I see now that I misread the output file from GEMMA. Within it, there are actually 3 calls (ie, per SNP) to MphEM. It’s the third call that we want to reproduce.
From the above output, we see that the initial values, for the third call to MphEM() are:
\[V_g = \left(\begin{array}{cc} 2.73 & -0.39 \\ -0.39 & 0.74 \end{array} \right)\]
and
\[V_e = \left(\begin{array}{cc} 0.15 & 0.27 \\ 0.27 & 0.50 \end{array} \right)\]

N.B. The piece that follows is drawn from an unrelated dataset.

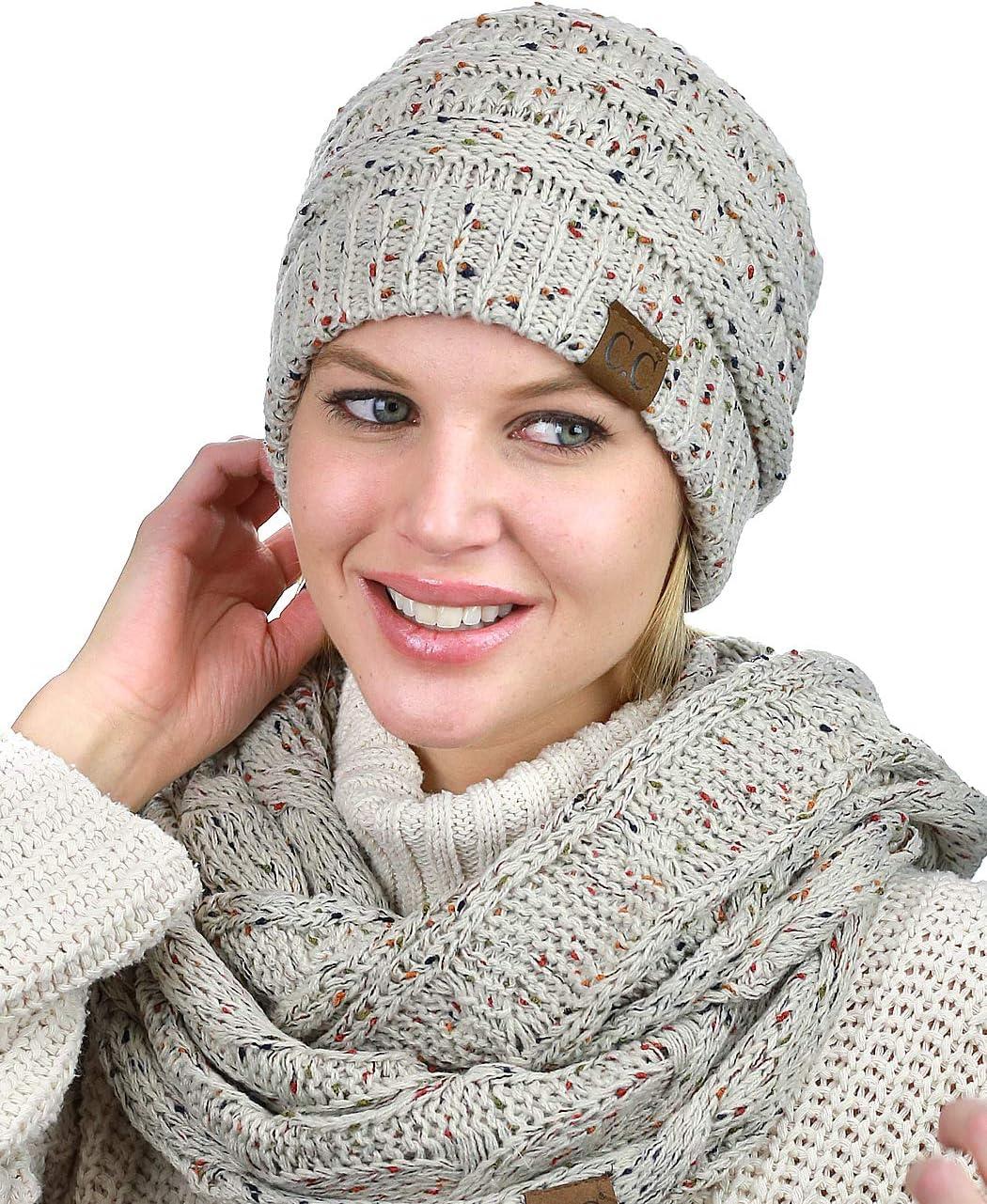 C.C Soft Stretch Colorful Confetti Cable Knit Beanie and Infinity Loop Scarf Set(Oatmeal)

and, after a single update, the matrices are:
\[V_g = \left(\begin{array}{cc} 2.74 & -0.40 \\ -0.40 & 0.74 \end{array} \right)\]
and
\[V_e = \left(\begin{array}{cc} 0.15 & 0.27 \\ 0.27 & 0.51 \end{array} \right)\]
Can we get our gemma2
R code to do this?
MphEM(eval = e_out$values,
X = t(cbind(1, g1m)) %*% e_out$vectors,
Y = t(phe16) %*% e_out$vectors,
V_g = matrix(c(2.73, - 0.39, - 0.39, 0.74), nrow = 2),
V_e = matrix(c(0.15, 0.27, 0.27, 0.50), nrow = 2)
) -> out1
out1[[1]][c(2:3)]
#> $Vg
#> [,1] [,2]
#> [1,] 2.706773 -0.4119620
#> [2,] -0.411962 0.7428087
#>
#> $Ve
#> [,1] [,2]
#> [1,] 0.1531700 0.2761671
#> [2,] 0.2761671 0.5119295
Now try with ec_out
MphEM(eval = ec_out$values,
X = t(cbind(1, g1m)) %*% ec_out$vectors,
Y = t(phe16) %*% ec_out$vectors,
V_g = matrix(c(2.731324, - 0.394865, - 0.394865, 0.737116), nrow = 2),
V_e = matrix(c(0.147467, 0.272090, 0.272090, 0.502031), nrow = 2)
) -> out1
out1[[1]][c(2:3)]
#> $Vg
#> [,1] [,2]
#> [1,] 2.7372540 -0.4041481
#> [2,] -0.4041481 0.7434534
#>
#> $Ve
#> [,1] [,2]
#> [1,] 0.1495667 0.2759642
#> [2,] 0.2759642 0.5091793
The results, above, are accurate to within rounding.
Zhou, Xiang, and Matthew Stephens. 2014. “Efficient Multivariate Linear Mixed Model Algorithms for Genome-Wide Association Studies.” Nature Methods 11 (4): 407–9.